### Entries taken from a collection
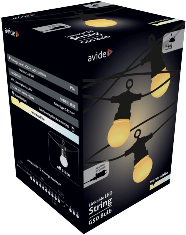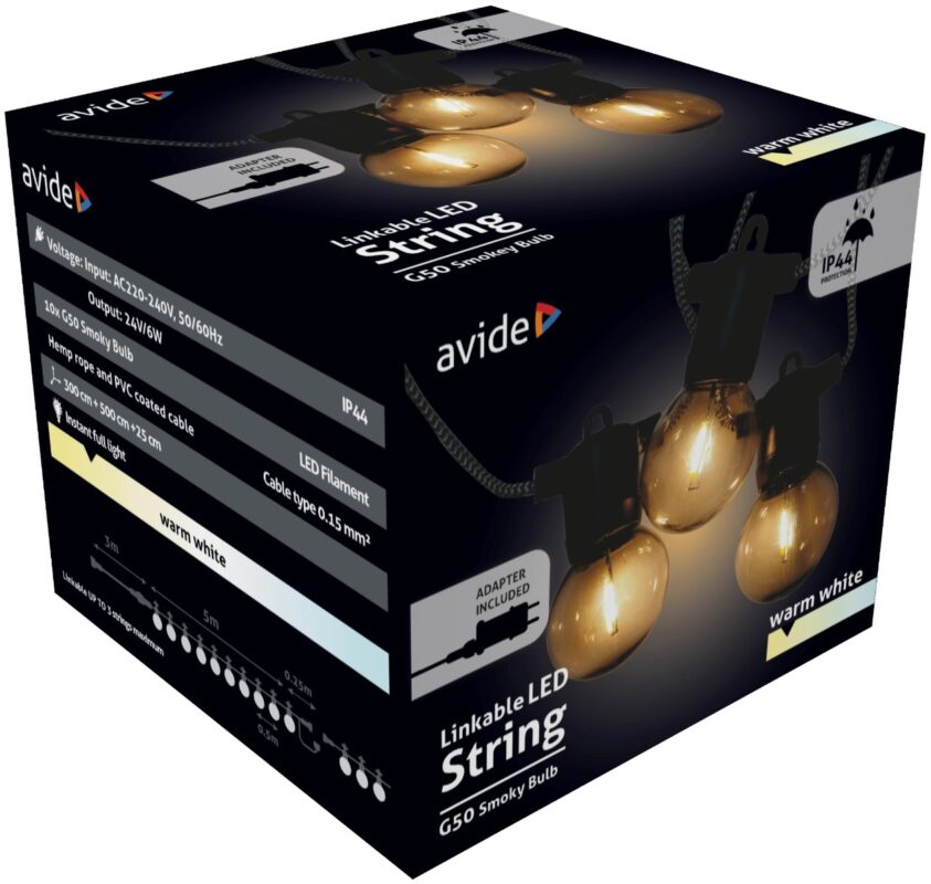Avide Εξωτερική Γιρλάντα 5m Papaya RGB Με Δυνατότητα Επέκτασης- Με Τηλ/στήριο
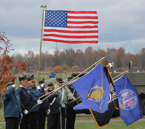 Islanders celebrated a windy Veterans Day at the Memorial Wall on Bedell Road last Friday.
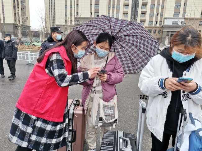 刘士琪(左一)参加迎新志愿服务活动
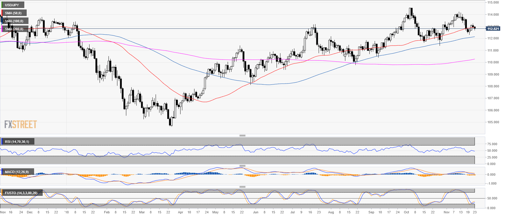 • USD/JPY is trading below its 50, 100 and 200 SMA.
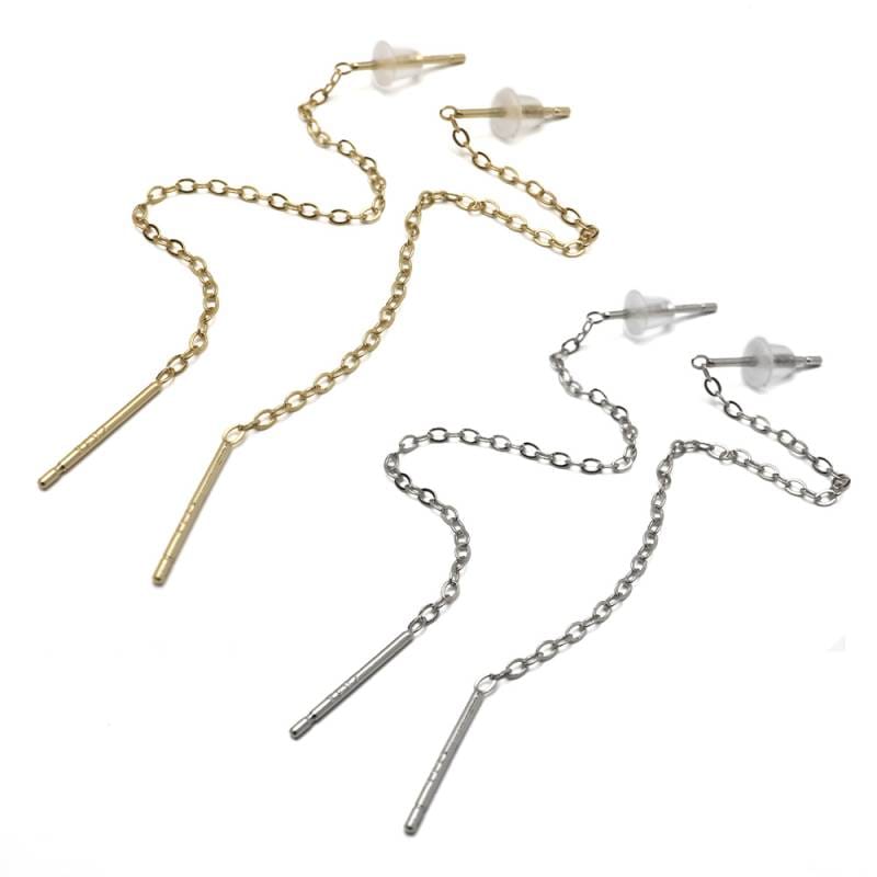 シルバー925 アズキチェーンをカーブさせたデザインのスタッドピアス [es499]
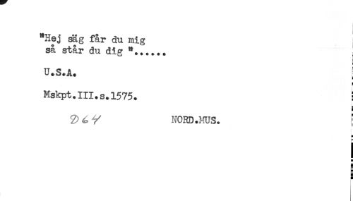 //// "Hej säg får du mig //// så står du dig "...... //// U.S.A. ^ //// ! //// Mskpt.III.s.1575. ; //// ! //// 2)^ / NOHD.MUS. E //// E //// < //// ! //// H //// s ////

### Instructions to follow
Each entry above must come back exactly as written. Drop the images.

### Solved exercise
Avide Εξωτερική Γιρλάντα 5m Papaya RGB Με Δυνατότητα Επέκτασης- Με Τηλ/στήριο
 Islanders celebrated a windy Veterans Day at the Memorial Wall on Bedell Road last Friday.
 刘士琪(左一)参加迎新志愿服务活动
 • USD/JPY is trading below its 50, 100 and 200 SMA.
 シルバー925 アズキチェーンをカーブさせたデザインのスタッドピアス [es499]
 //// "Hej säg får du mig //// så står du dig "...... //// U.S.A. ^ //// ! //// Mskpt.III.s.1575. ; //// ! //// 2)^ / NOHD.MUS. E //// E //// < //// ! //// H //// s ////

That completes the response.